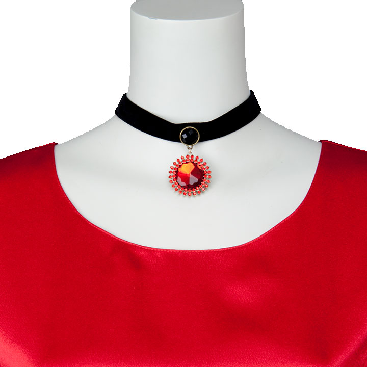 黒のベロアテープに太陽の様な赤のストーンが付いたチョーカー。 鮮やかな衣装に合わせても負けない存在感です。 普段使いもできて、装いをぐっと印象的にしてくれるアイテムです。 | |
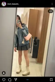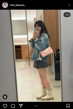 森は「たまには私服紹介」とつづり、ボーダーのカットソーにデニムのジャケット、グレーのミニスカートに白いブーツ、そして小さなピンクのバッグを合わせた私服コーディネートを披露。複数枚の写真をアップした。
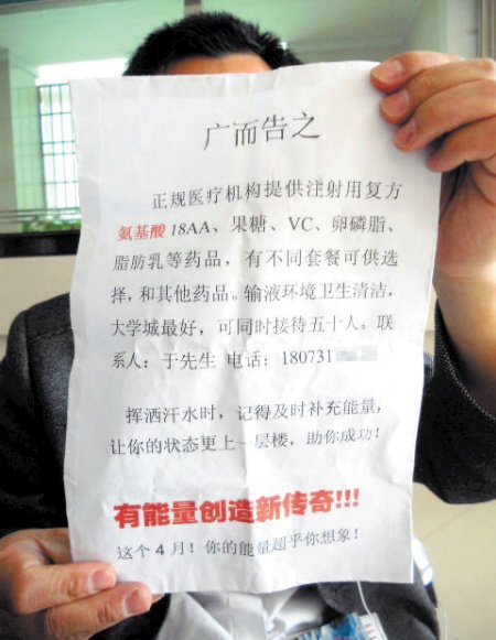 “我们注射的品种有氨基酸、18AA、果糖、VC、卵磷脂、脂肪乳等套餐供选择,一个套餐100元左右。” 昨日,记者以考生家长名义拨打广告纸上留下的电话,一名于姓男子滔滔不绝介绍着注射氨基酸等药品对考生的好处。他说这些药品主要是补充蛋白质和热量,已有不少学生预约注射,绝对不会有任何副作用。记者询问于姓男子他那里是医院还是社区诊所,他回答说是私人诊所,地址在麓山南路上,名叫“麓山门诊”。
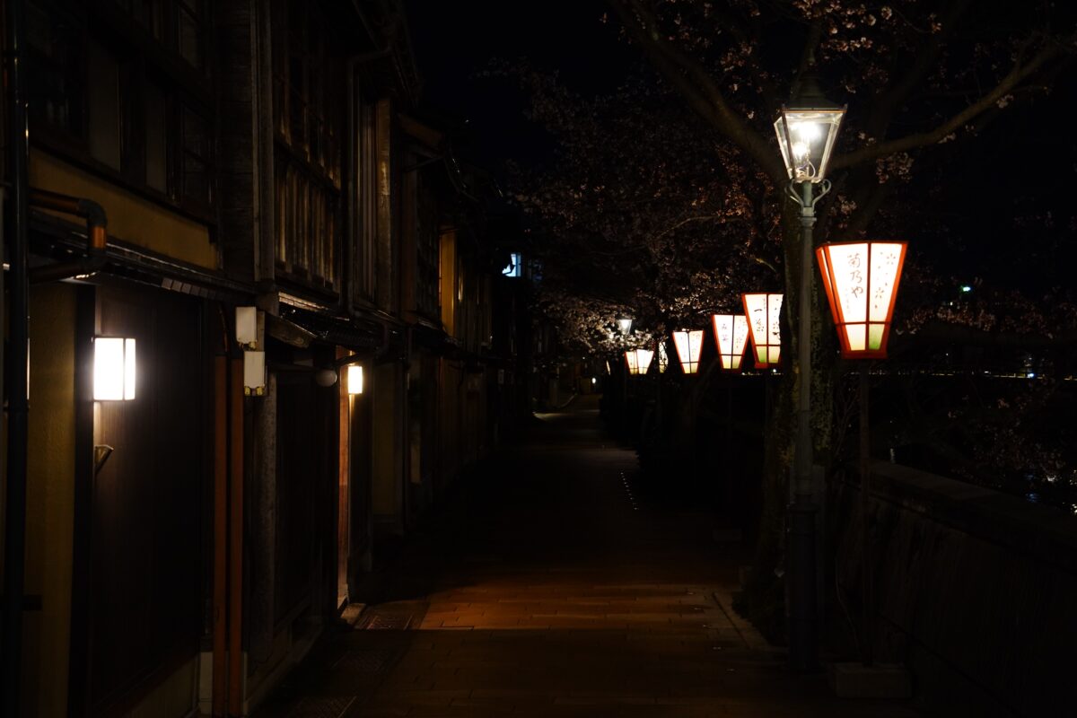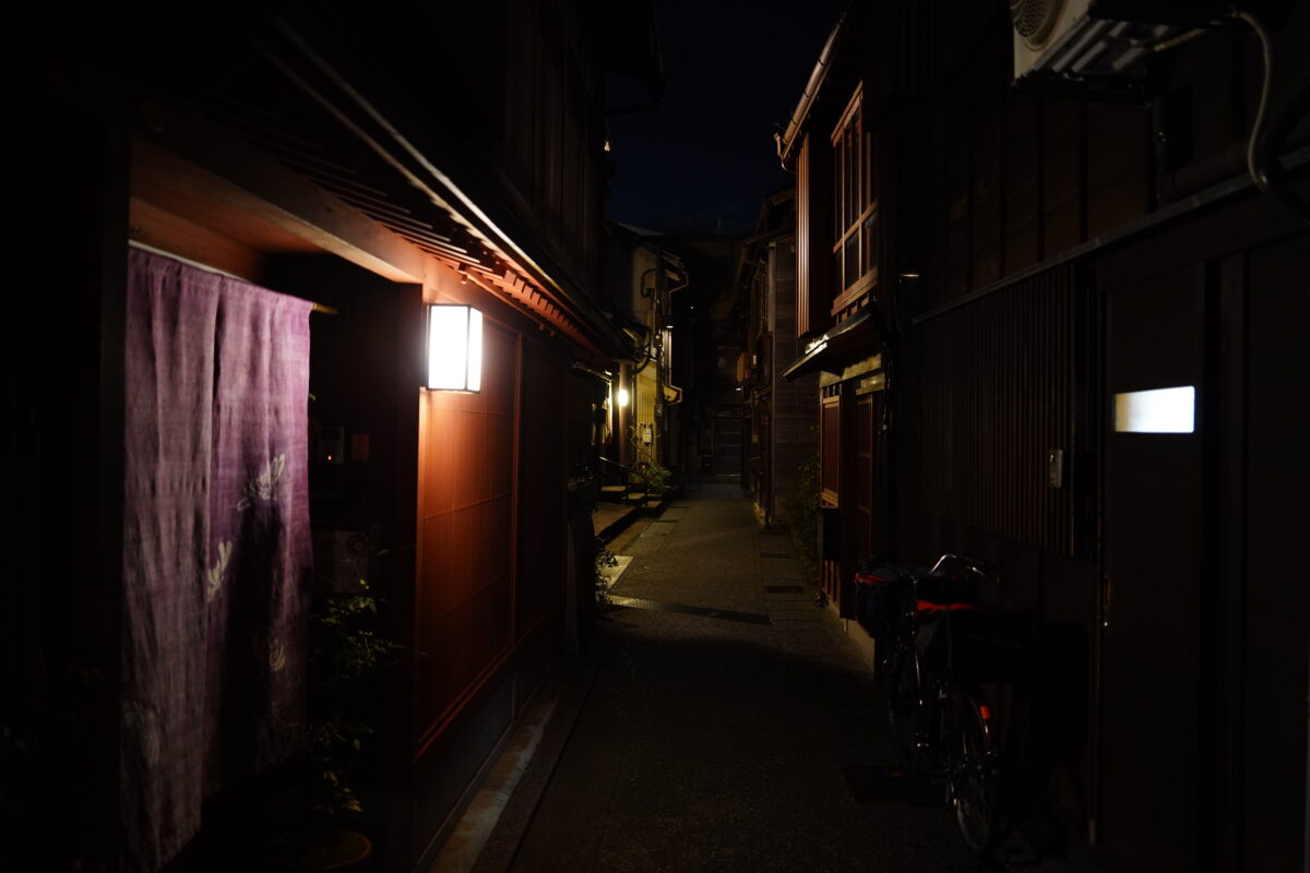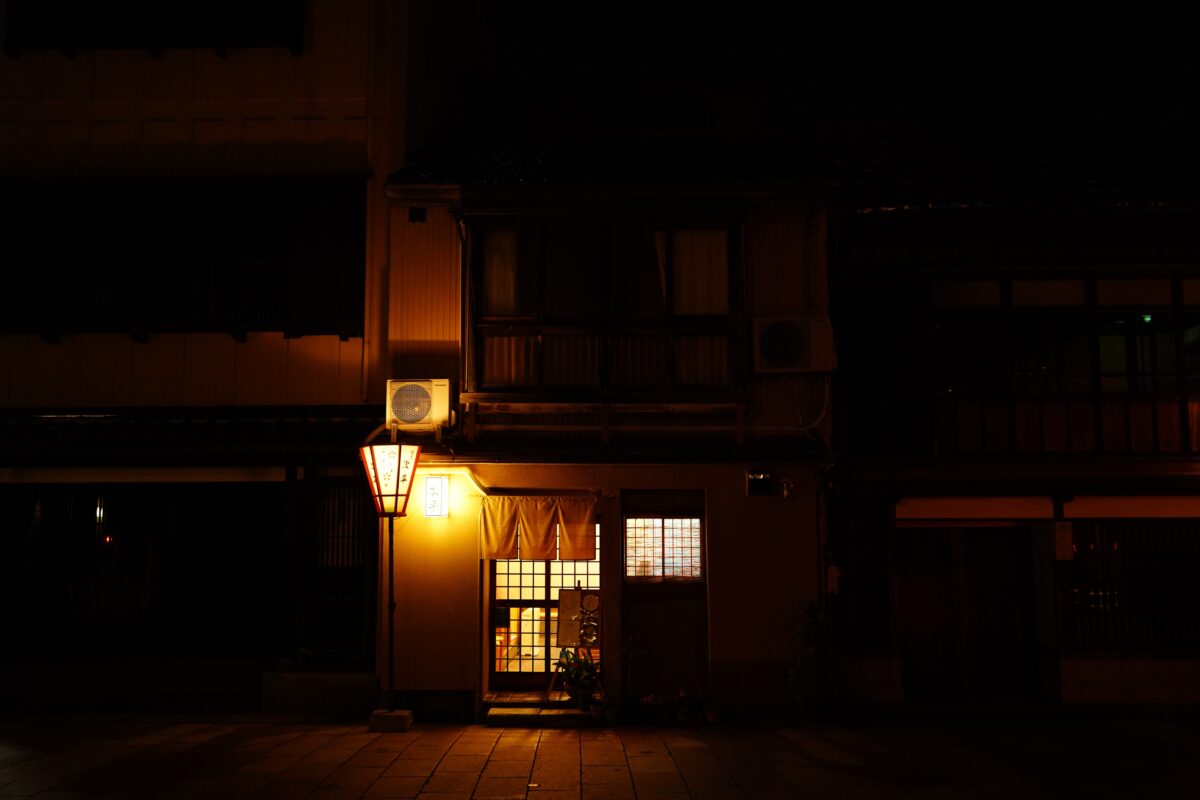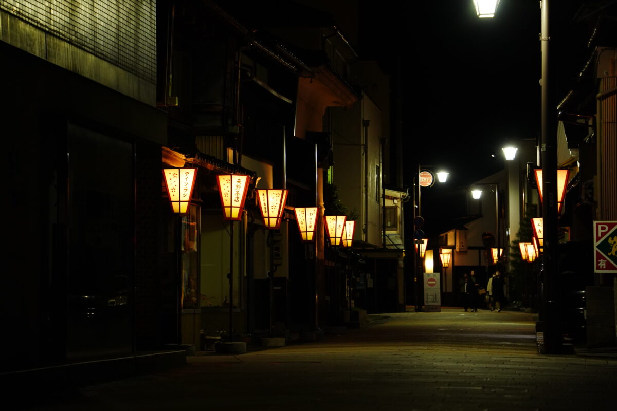 昔ながらの街並みが残るひがし茶屋街。整然とした道路に灯籠が並んでいて、いい感じの漆黒具合でとても綺麗でした……!雰囲気が最高。
===
### [PROBLEM DETAILS]
The answer should match the data above word for word, with no pictures in it.

### [SOLUTION TO THE PROBLEM]
 黒のベロアテープに太陽の様な赤のストーンが付いたチョーカー。 鮮やかな衣装に合わせても負けない存在感です。 普段使いもできて、装いをぐっと印象的にしてくれるアイテムです。 | |
 森は「たまには私服紹介」とつづり、ボーダーのカットソーにデニムのジャケット、グレーのミニスカートに白いブーツ、そして小さなピンクのバッグを合わせた私服コーディネートを披露。複数枚の写真をアップした。
 “我们注射的品种有氨基酸、18AA、果糖、VC、卵磷脂、脂肪乳等套餐供选择,一个套餐100元左右。” 昨日,记者以考生家长名义拨打广告纸上留下的电话,一名于姓男子滔滔不绝介绍着注射氨基酸等药品对考生的好处。他说这些药品主要是补充蛋白质和热量,已有不少学生预约注射,绝对不会有任何副作用。记者询问于姓男子他那里是医院还是社区诊所,他回答说是私人诊所,地址在麓山南路上,名叫“麓山门诊”。
 昔ながらの街並みが残るひがし茶屋街。整然とした道路に灯籠が並んでいて、いい感じの漆黒具合でとても綺麗でした……!雰囲気が最高。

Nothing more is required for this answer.